Select any twenty cards; let any person shuffle them; lay them by pairs on the board, without looking at them. You next desire several persons, (as many persons as there are pairs on the table,) each to look at different pairs and remember what cards compose them. You then take up all the cards in the order they lay, and replace them with their faces uppermost on the table, according to the order of the letters in the following words:

M U T U S
1 2 3 4 5
D E D I T
6 7 8 9 10
N O M E N
11 12 13 14 15
C O C I S
16 17 18 19 20

(These words convey no meaning.)—You will observe, that they contain ten letters repeated, or two of each sort. You therefore ask each person which row or rows the cards he looked at are in; if he say the first, you know they must be the second and fourth, there being two letters of a sort (two U's) in that row; if he say the second and fourth, they must be the ninth and nineteenth, (two I's,) and so of the rest. This amusement, which is very simple, and requires very little practice, will be found to excite, in those who are unacquainted with the key, the greatest astonishment.

The readiest way is to have a fac-simile of the key drawn on a card, to which you refer.

To tell how many Cards a Person takes out of a Pack, and to specify each Card.

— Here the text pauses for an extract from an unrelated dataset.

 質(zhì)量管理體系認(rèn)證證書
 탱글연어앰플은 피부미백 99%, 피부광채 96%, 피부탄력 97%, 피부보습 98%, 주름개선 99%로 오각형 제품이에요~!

To perform this, you must so dispose a PIQUET pack of cards, that you can easily remember the order in which they are placed. Suppose, for instance, they are placed according to the words in the following line,

Seven Aces, Eight Kings, Nine Queens, and Ten Knaves;

and that every card be of a different suite, following each other in this order: spades, clubs, hearts, and diamonds. Then the eight first cards will be the seven of spades, ace of clubs, eight of hearts, king of diamonds, nine of spades, queen of clubs, ten of hearts, and knave of diamonds, and so of the rest.